A significant benefit of this flow is that it allows users to act as themselves, rather than a service account, and supports all external identity providers that may be configured in deployKF.
Minimum deployKF Version
The "out-of-band" OIDC login flow requires deployKF v0.1.3, or later.
Authentication Flow¶
The flow to authenticate the SDK using an "out-of-band" OIDC login is:
- The credential provider attempts to read a cached token, from the user's home directory:
- If an unexpired token is found, it is returned to the SDK.
- If an expired token is found, the credential provider attempts to refresh the token.

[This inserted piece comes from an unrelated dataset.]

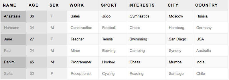 Table Sorter is lightweight, works across all the major browsers, and has been configured to support both HTML and CSV table data. Click any of the column headings to alphabetically sort via that column.

- Otherwise, the credential provider starts a new "out-of-band" OIDC login flow:
- The user is prompted to open a URL in their browser.
- Once the user has authenticated, a code is provided to the user.
- The user copies the code from the browser and pastes it into the terminal.
- The token is persisted to the user's home directory, and returned to the SDK.
Reference Implementation¶
The following reference implementation shows how to authenticate the Kubeflow Pipelines SDK using an "out-of-band" OIDC login flow.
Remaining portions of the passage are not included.